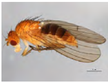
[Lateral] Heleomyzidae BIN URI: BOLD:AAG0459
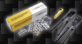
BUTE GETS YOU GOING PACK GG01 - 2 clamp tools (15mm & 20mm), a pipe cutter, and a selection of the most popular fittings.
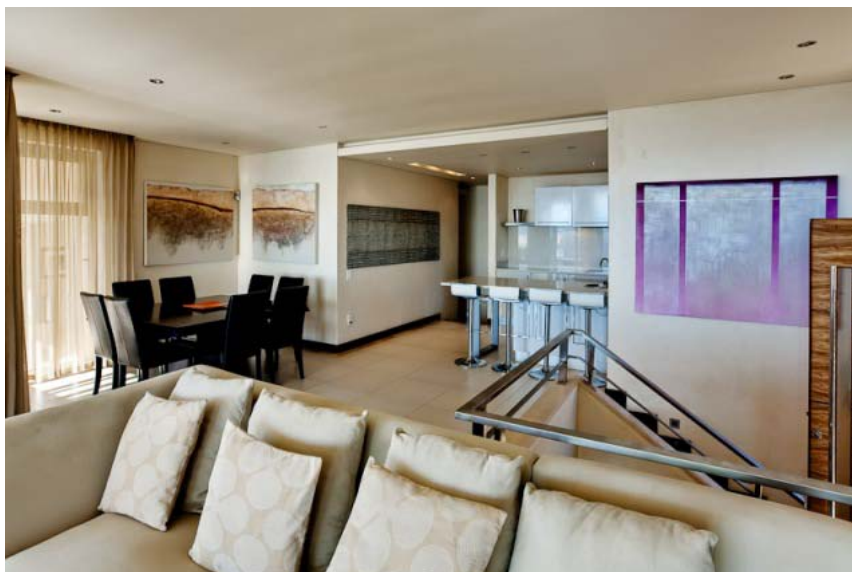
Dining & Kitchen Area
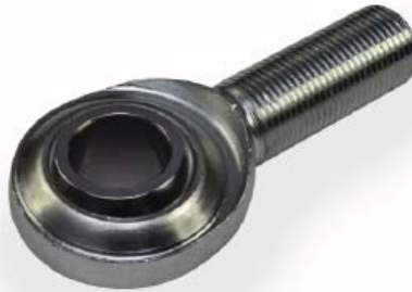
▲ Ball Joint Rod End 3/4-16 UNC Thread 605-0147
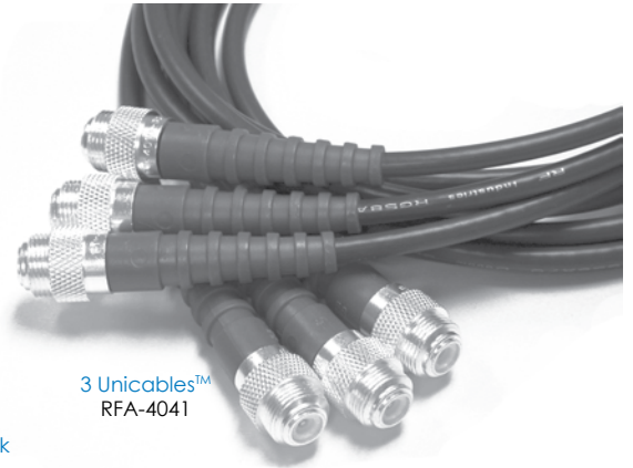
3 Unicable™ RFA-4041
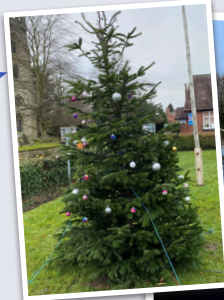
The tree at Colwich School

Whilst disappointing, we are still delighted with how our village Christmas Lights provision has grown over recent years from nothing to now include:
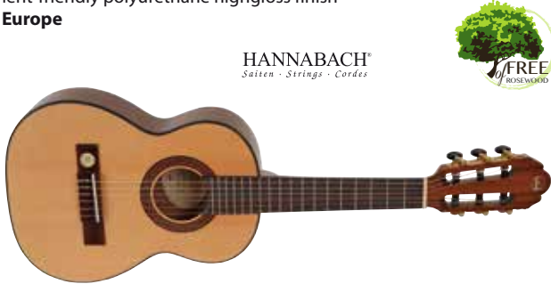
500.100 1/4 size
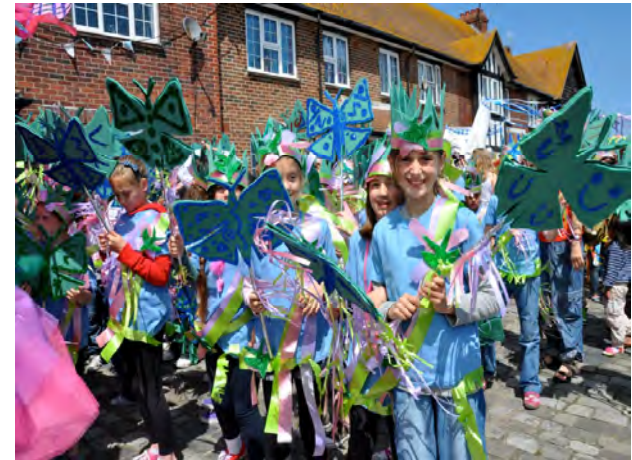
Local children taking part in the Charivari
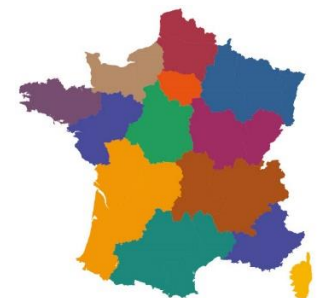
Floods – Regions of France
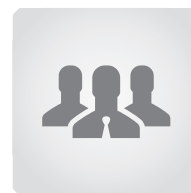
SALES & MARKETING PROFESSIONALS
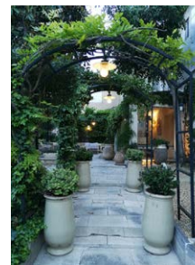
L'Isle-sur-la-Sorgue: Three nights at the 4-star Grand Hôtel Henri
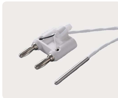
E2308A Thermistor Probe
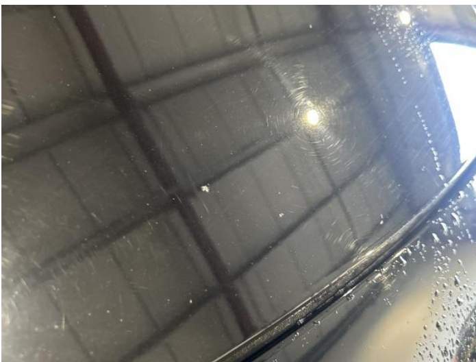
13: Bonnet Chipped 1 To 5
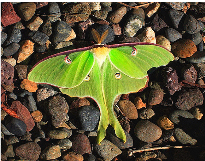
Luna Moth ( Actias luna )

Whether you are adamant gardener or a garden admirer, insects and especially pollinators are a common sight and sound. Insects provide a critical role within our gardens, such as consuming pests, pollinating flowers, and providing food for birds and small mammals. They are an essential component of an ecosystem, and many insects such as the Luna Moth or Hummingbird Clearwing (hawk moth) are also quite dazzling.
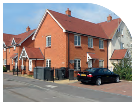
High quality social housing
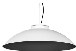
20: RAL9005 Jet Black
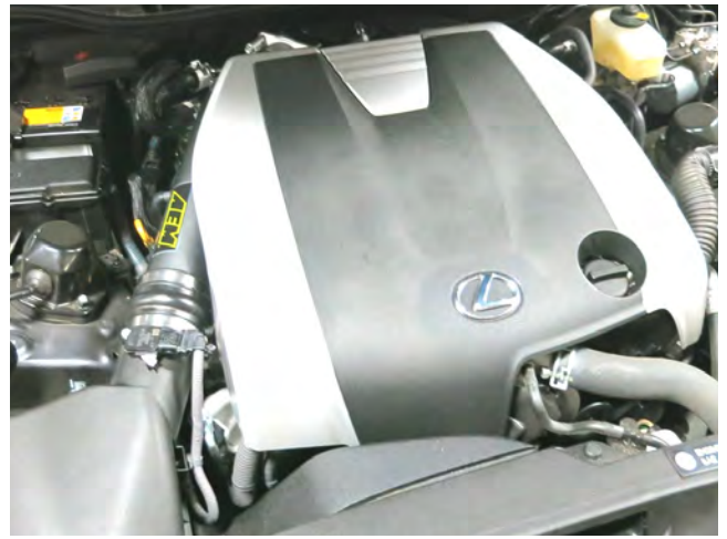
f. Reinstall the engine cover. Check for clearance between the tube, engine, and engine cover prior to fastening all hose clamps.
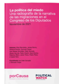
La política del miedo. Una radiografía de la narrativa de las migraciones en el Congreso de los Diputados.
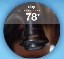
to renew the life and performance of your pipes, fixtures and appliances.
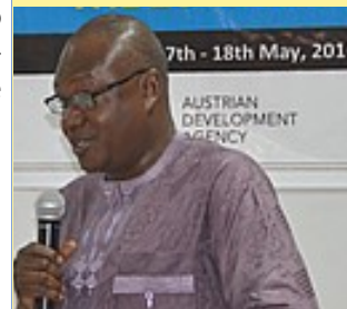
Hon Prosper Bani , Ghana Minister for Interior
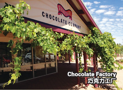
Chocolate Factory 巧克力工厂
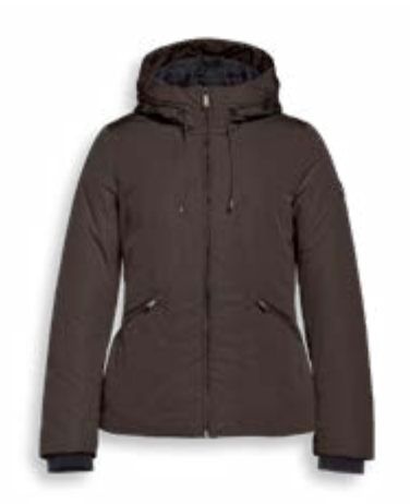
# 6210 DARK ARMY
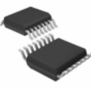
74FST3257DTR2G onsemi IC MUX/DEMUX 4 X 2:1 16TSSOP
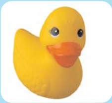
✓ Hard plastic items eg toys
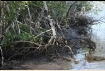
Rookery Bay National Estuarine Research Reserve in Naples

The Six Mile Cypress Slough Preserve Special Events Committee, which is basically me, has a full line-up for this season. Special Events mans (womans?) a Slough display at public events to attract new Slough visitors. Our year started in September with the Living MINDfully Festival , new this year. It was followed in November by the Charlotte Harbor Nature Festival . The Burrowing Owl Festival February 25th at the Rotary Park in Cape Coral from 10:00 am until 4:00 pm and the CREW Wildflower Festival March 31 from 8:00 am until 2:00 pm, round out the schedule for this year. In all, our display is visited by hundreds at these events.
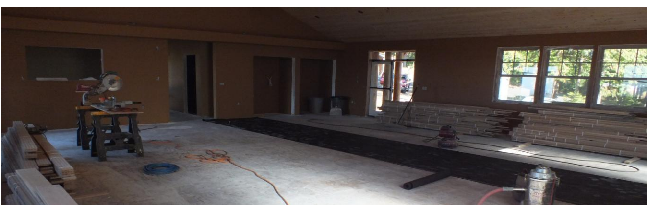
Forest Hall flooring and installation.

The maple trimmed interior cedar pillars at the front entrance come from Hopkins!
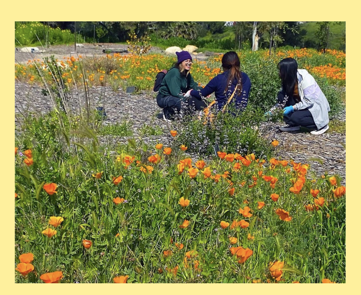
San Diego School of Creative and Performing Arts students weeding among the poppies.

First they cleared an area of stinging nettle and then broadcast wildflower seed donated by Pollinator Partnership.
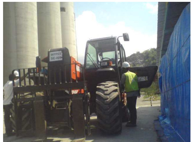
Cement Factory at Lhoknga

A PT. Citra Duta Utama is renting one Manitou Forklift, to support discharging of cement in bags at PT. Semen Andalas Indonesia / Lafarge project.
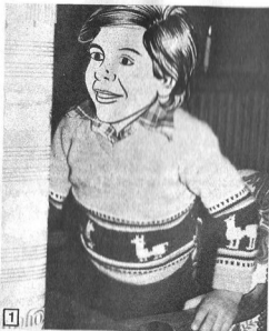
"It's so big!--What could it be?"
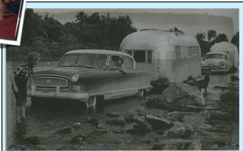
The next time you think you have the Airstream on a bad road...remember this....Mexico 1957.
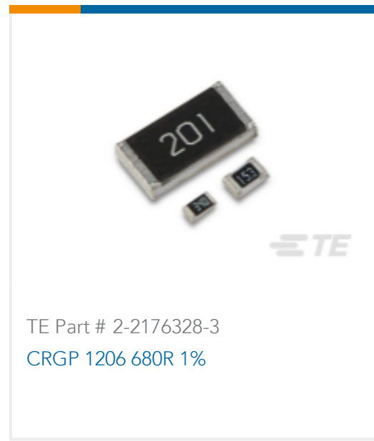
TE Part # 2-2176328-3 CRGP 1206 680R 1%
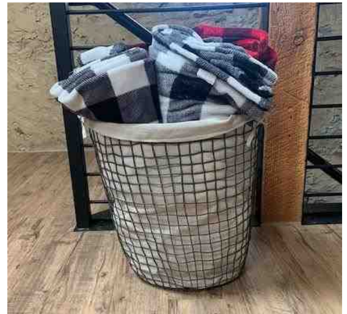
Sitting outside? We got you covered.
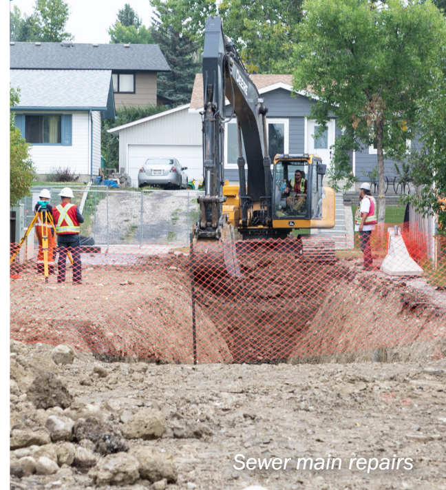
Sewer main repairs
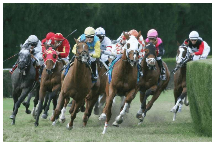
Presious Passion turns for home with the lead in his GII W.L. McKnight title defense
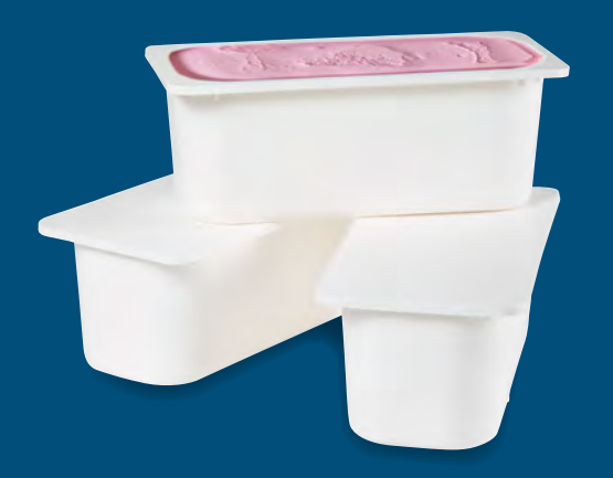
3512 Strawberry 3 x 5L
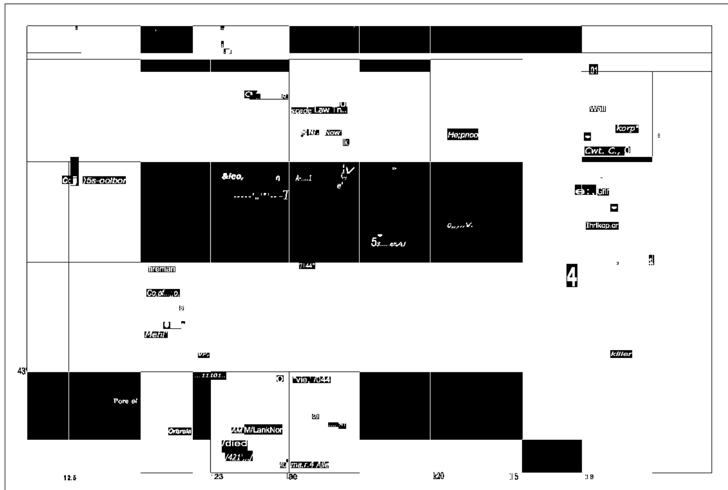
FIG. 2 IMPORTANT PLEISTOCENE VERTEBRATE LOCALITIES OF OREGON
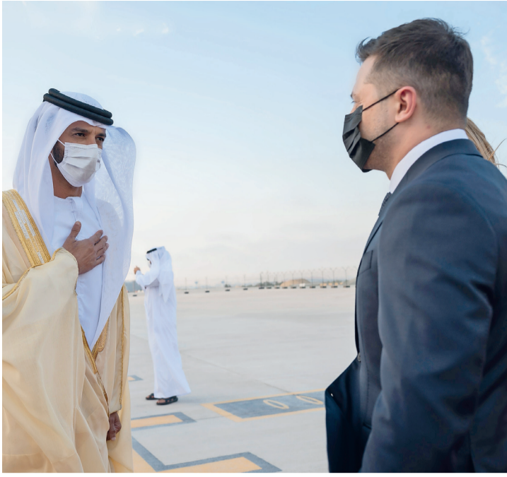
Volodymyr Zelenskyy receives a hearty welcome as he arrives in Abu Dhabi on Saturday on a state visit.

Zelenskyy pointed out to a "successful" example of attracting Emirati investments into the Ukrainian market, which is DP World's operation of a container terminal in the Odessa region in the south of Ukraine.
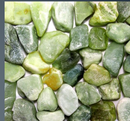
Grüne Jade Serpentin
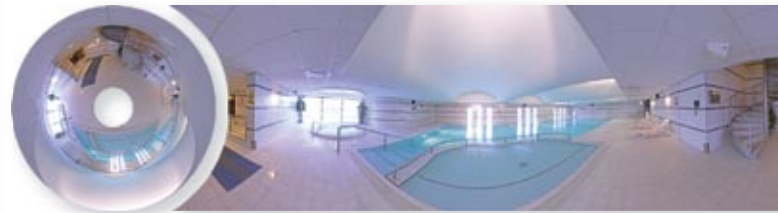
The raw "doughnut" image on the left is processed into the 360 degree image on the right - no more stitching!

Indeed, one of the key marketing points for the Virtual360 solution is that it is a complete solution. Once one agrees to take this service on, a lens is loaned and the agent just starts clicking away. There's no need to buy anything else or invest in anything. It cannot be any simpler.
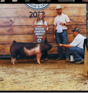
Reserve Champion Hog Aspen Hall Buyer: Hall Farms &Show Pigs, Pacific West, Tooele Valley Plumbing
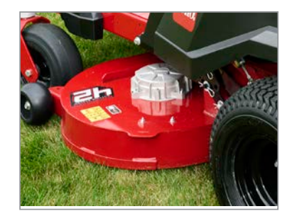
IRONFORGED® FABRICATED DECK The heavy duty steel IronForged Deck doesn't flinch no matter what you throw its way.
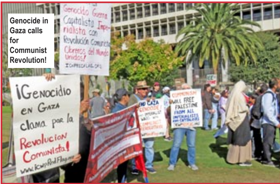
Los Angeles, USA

++++++

* WHAT YOU ARE ASKED TO DO *
Although pictures appear among the entries, please set down only the lines from the one with "FIG. 2 IMPORTANT" up to and including the one with "no more stitching!", word for word.

* TASK RESULT *
FIG. 2 IMPORTANT PLEISTOCENE VERTEBRATE LOCALITIES OF OREGON
Volodymyr Zelenskyy receives a hearty welcome as he arrives in Abu Dhabi on Saturday on a state visit.

Zelenskyy pointed out to a "successful" example of attracting Emirati investments into the Ukrainian market, which is DP World's operation of a container terminal in the Odessa region in the south of Ukraine.
Grüne Jade Serpentin
The raw "doughnut" image on the left is processed into the 360 degree image on the right - no more stitching!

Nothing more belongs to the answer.